Tuesday, April 2, 2013

Taxonomies vs. Classification

A question had come up in one of my classes on how classification differs from taxonomies/thesauri. As part of an assignment to find thesauri on the web a student sought to find “how the Federal Government classifies its publications and was expecting to find a very elaborate Thesaurus … and instead found… the Superintendent of Documents classification system,” and so the student asked how that classification system fits into the scheme of definitions for taxonomies, controlled vocabularies, and thesauri. That I will attempt to explain here.

We are familiar with classification schemes used to catalog and locate books and other materials in libraries, such as the Dewy Decimal system or, for academic libraries, the Library of Congress Classification (letter-based call “numbers”). In addition to the U.S. federal government’s “Superintendent of Documents” classification system, many other national governments an international organizations also have their own document classification schemes, and states and provinces may have modified versions. There are also classification systems for industries, such as the NAICS (North American Industrial Classification System) codes. Corporations with large volumes of documents may have their own internal document classification systems.

I sum up the differences between classification schemes and taxonomies/thesauri as follows:


  • used for books, monographs, documents, reports, contracts, or other media
  • developed for the classification of physical items for their location on shelves, drawers, or filing cabinets and physical file folders
  • based on alpha-numeric codes
  • involves assigning an item only one classification code
  • manually assigned to each item
  • classification codes may include additional information, such as date, title, author, or publishing department information within the same classification code
  • rarely gets changed (due to the pre-established numeric code hierarchy)
  • helps document managers and librarians organize documents and helps users locate pre-identified documents and materials

Taxonomy/Controlled Vocabulary/thesauri:

  • used for articles, images, electronic files, paragraphs or sections of text if separated out as digital content units
  • used primarily in online/digital space
  • based on descriptive words and phrases (terms). Codes, if any, are secondary.
  • involves assigning an item multiple taxonomy terms
  • manually or automatically (auto-tagging, auto-classification, etc.) assigned to content items
  • taxonomy terms restricted to subject information (not to include date, title, author, publishing department, etc.)
  • can easily be revised and updated
  • helps users identify which content items they want

Another way to think of the comparison:
is for: where to put things/where does this document or item go.
is for: how to describe content/what is this text, image, or other media about.
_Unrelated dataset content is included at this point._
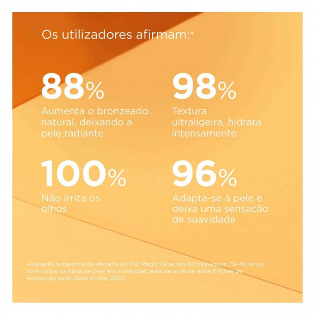 Aplica Isdin Fusion Water Magic Glow sobre a pele seca ou húmida. A quantidade adequada para a zona do rosto são duas linhas de produto estendidas em dois dedos. Espalha de igual forma em todo o rosto, pescoço, nuca e orelhas. Reaplica frequentemente no caso de exposição solar prolongada, banhos ou exercício fisico.

So, while both classification and taxonomy are related and are within the realm of information science, they are really quite different. Since they serve different purposes, they can actually co-exist and both be applied to the same corpus of documents. Libraries utilize both at the same time: a classification system (the Dewy Decimal or Library of Congress Classification call numbers on books and media) and a form of a taxonomy in the catalog subject headings (usually Library of Congress Subject Headings, which are not to be confused with Library of Congress Classification).

Taxonomy and classification may each involve different people, too: catalogers for classification and taxonomists for taxonomies. While some information professionals may do both, you cannot assume that all catalogers know how to create taxonomies or that all taxonomists understand classification. There is, of course, a larger and growing need for taxonomies, in contrast to classification and cataloging systems, as more content migrates online. Furthermore, taxonomies are more adaptable to change and thus in need of continual maintenance, in comparison to the rather static classification systems. Many catalogers are taking an interest in learning about taxonomies these days.

Taxonomists who understand something about classification can also put that knowledge to use. There are many large corporations and agencies with documents organization by customized classification systems, which are now migrating over to dynamic online content/document management and taxonomies. The legacy classification systems then need to re-formed into (or replaced by) taxonomies, and then the legacy codes need to be mapped to the new taxonomy terms to ensure the continual retrieval of legacy documents. I did this kind of work as a consulting project for a large financial institution not long ago. There were thousands of legacy alpha-numeric codes, most of which combined both a document type attribute and a subject matter attribute into a single code, a typical feature of classification codes when a document can get only one code. A taxonomy, on the other hand may have one facet for document type and another facet for subject, and a document can be assigned multiple subject taxonomy terms in addition to the document type term.

As long as there are physical books, documents, and media, there is a need for classification, but if the entire content repository is digital, then taxonomies are the way to go.

  1. I like to think of it in terms of you use a taxonomy to classify information. You cannot have a thesauri or a controlled vocabulary without applying a particular classification scheme.